On to Mustard Seed. We’ve missed the war: it took place in the gap between the books. It’s now the late 1860s. Mattie’s son is a lawyer, and her daughter, Jordan, is a teacher. And it looks as if the book’s going to be about Jordan trying to reconcile her desire to work for women’s rights with her family’s focus on black civil rights. Alongside that’s the generational clash between a young woman who’d grown up free, in a community where a lot of opportunities were open to black people, and her parents, who’d spent much of their lives as slaves and wanted to make sure that she never forgot that. And that sounds fascinating.
But it isn’t like that. Instead, everyone ends up back in Virginia – Lisbeth, her children, and, later, her husband to visit her dying father, and Mattie, her children, and, later, her husband to try to persuade her sister niece to move to Ohio with them.

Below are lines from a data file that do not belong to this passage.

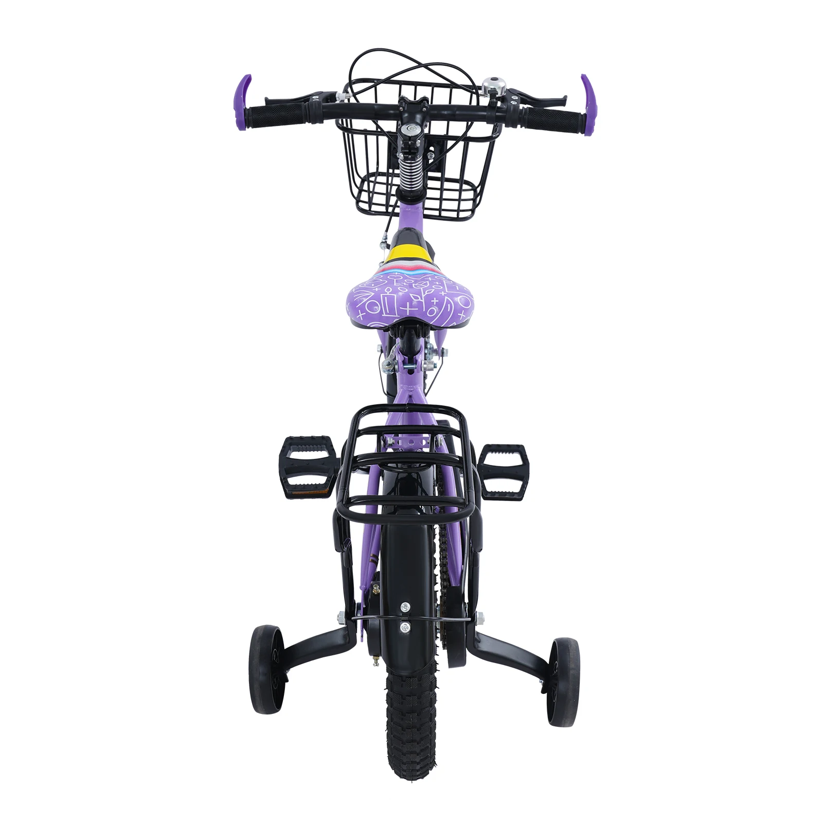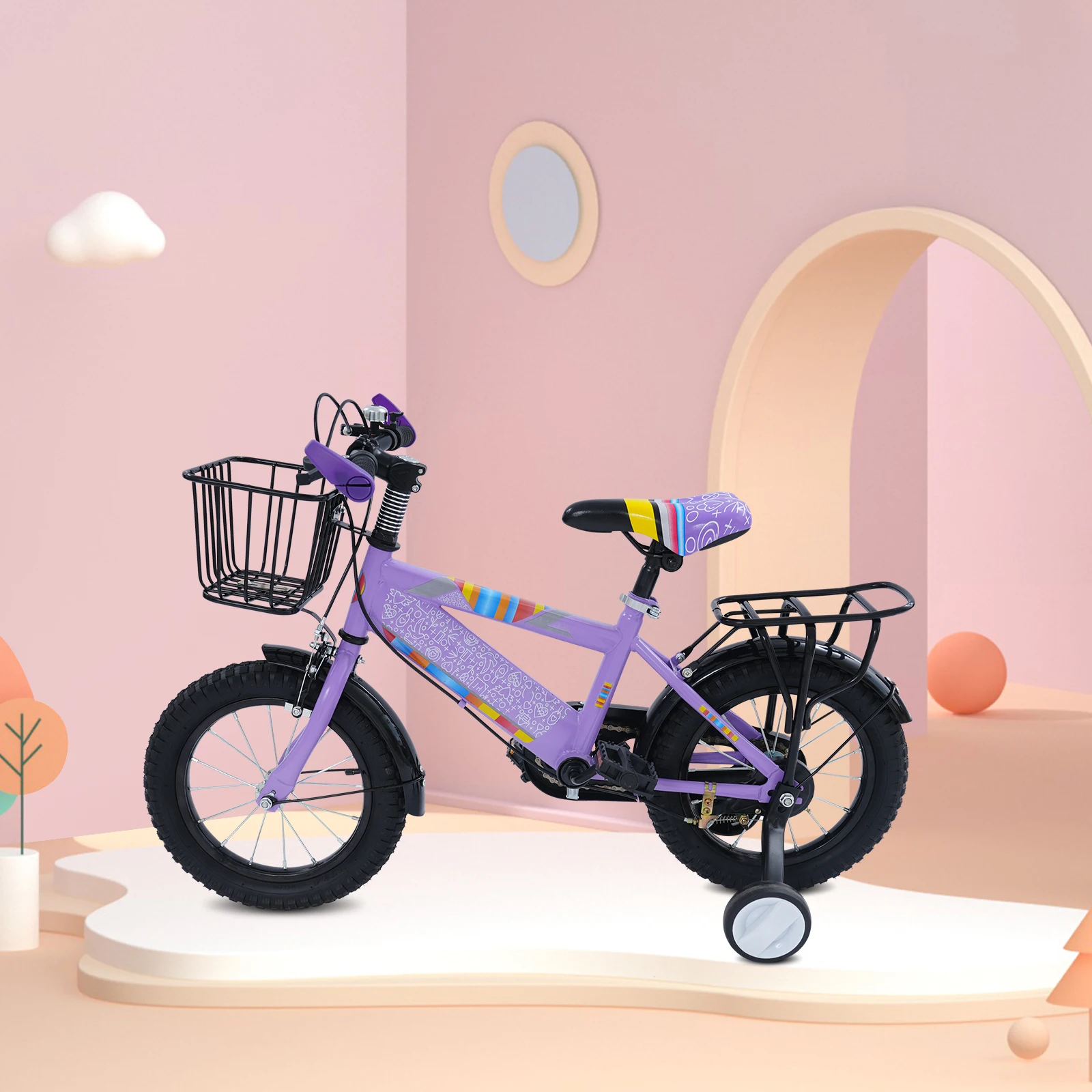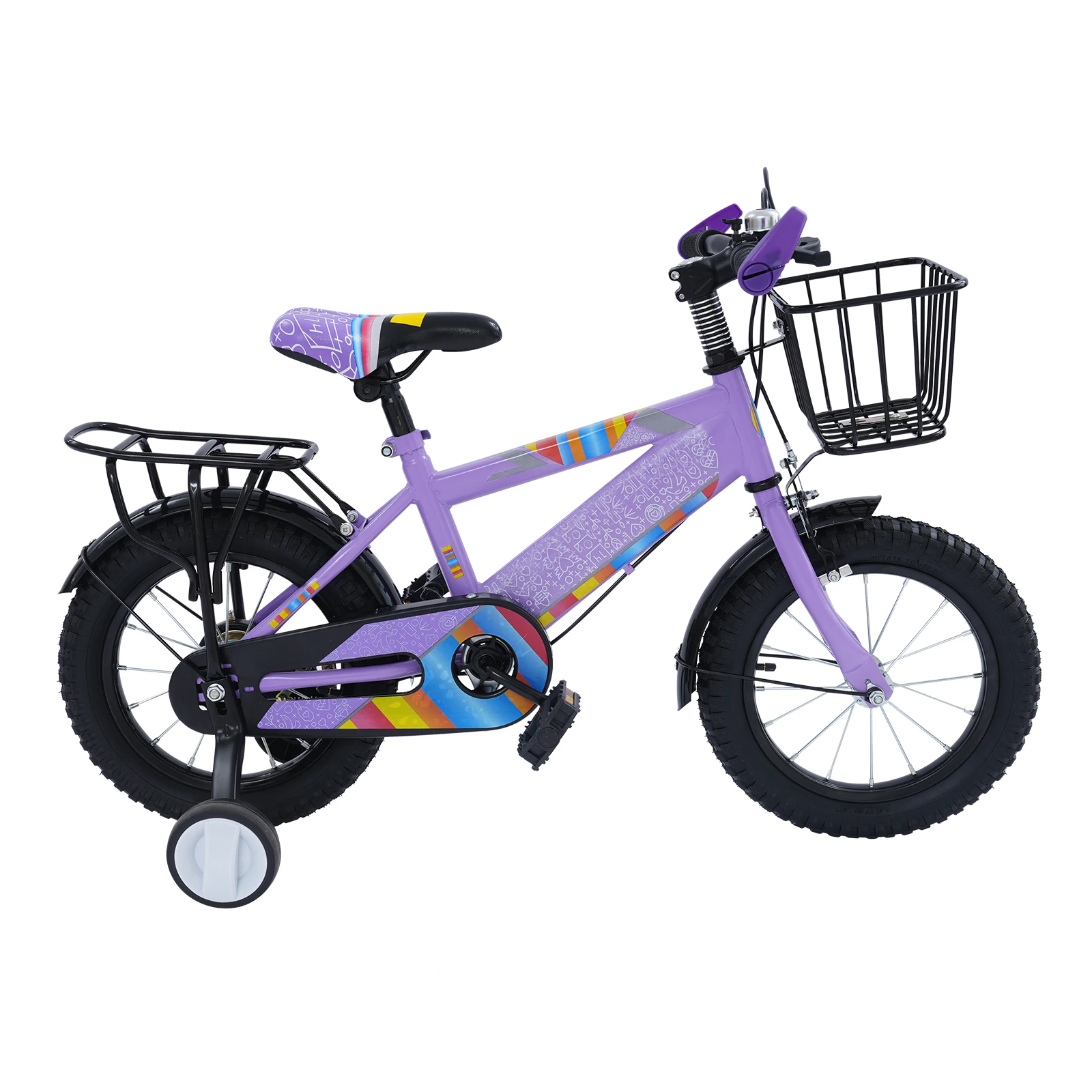 14-Zoll-Kinderfahrrad mit Trainingsrädern und verstellbarem Sitz – robustes Kinderfahrrad mit Kohlenstoffstahlrahmen, 50 kg/110 lb Tragfähigkeit, Kinderfahrrad mit Sicherheitskettenabdeckung + Gepäckstangen-Rücksitz + Glocke + Aufbewahrungskorb für 3–6 Jahre alte Jungen Mädchen| Einfache Montage und rutschfeste Reifen (Lila/Rosa)
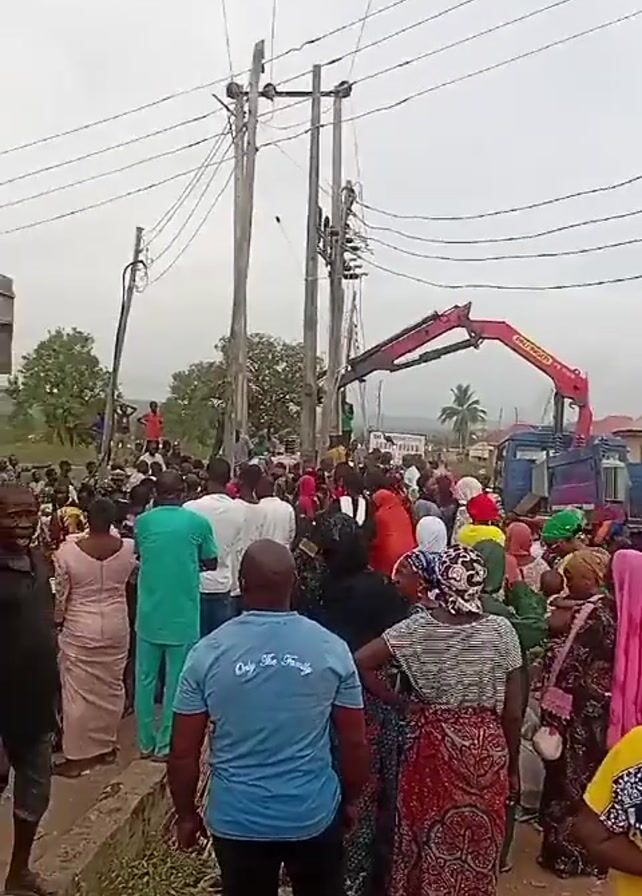 A crowd of people, predominantly women, are gathered near power lines and utility poles. A red crane truck is operating in the background. Many of the women are wearing colorful traditional clothing and head coverings. The power lines are overhead, and some people are standing on a rooftop for a better view. The sky is overcast.
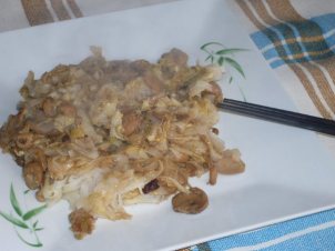 Fideos de arroz con alcachofas y champiñones
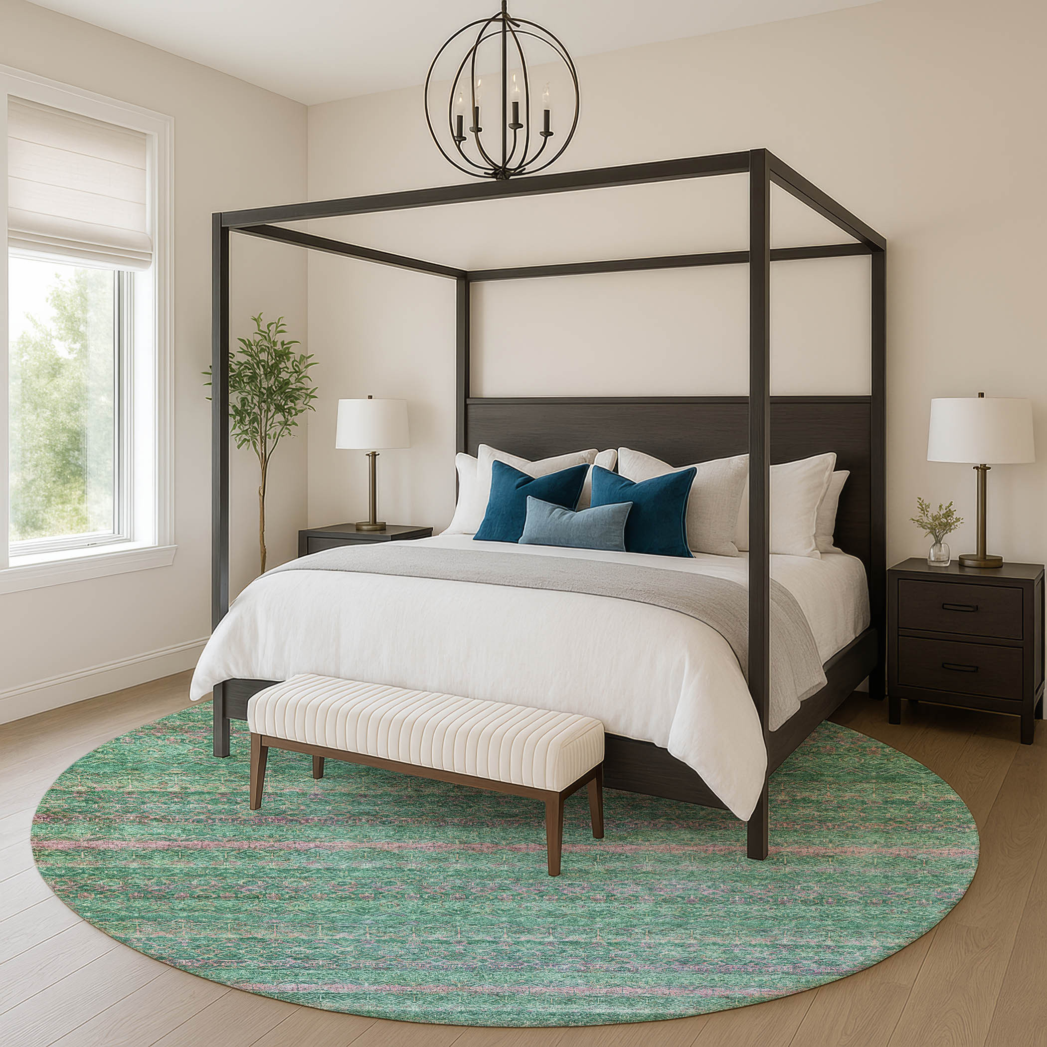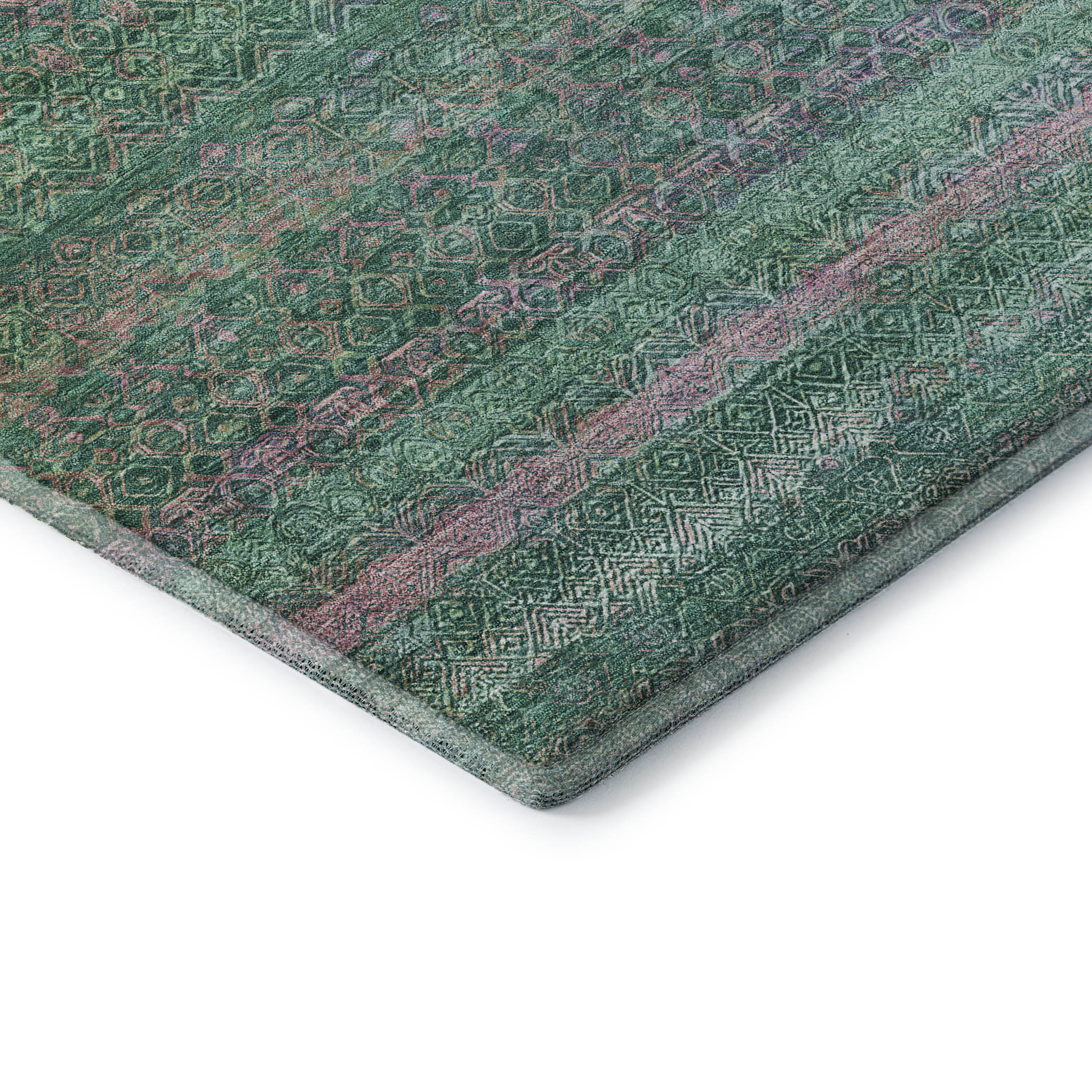 Add great coloration and comfortable texture to your space with this 8-foot green and blush striped washable round rug with uv protection. Ideal for spaces with kids and pets, this rug is stain resistant to help repel dirt and spilled liquids. Built to last, this rug crafted from polyester fibers is known for its durability and long lasting appeal. Rugs are a great way to showcase your style, hide imperfections, warm your home and reduce noise. This larger sized, transitional styled rug is ready to create a focal point or statement piece in your room. 96.00-inch h x 96.00-inch w x 0.39-inch d.

There are some well-written scenes in which they try to trace Sarah’s children, who’d been sold, but then everything just gets silly. Lisbeth’s brother, who feels that she’d ruined their family’s social standing, arranges for both Mattie’s son and Emily’s husband to be arrested as vagrants, and hired out to Lisbeth’s ex-fiance, and then there’s all this bizarre stuff with drugging and shooting before everyone escapes and makes it safely back to Ohio … apart from Jordan, who decides to work with black children in Richmond.
I take the author’s point, that it wasn’t safe for black people in Virginia during Reconstruction, but it just all got so sensationalist that it was hard to take it seriously. Why not just show them visiting Sarah, and Jordan deciding, on seeing the conditions in Virginia and experiencing the way in which black people were treated there, that she was going to prioritise working to improve the lives of other black people over the fight for women’s rights? That would have worked really well.
But still. The books made some very good points. There was affection between Mattie and Lisbeth. There was friendship between their children. Emancipation did not bring true freedom. Neither black nor white women could vote in the US for another half a century after black men were given the vote … and, as it turned out, black men often weren’t able to vote either. And the books did to some extent show the horrors of slavery – the violence, and the separation of families – and also reminded the reader that many slaves were actually the children of their masters, something which seems to be quite an “in” topic in fiction at present. But it would all have worked a lot better if the plots hadn’t got so far-fetched.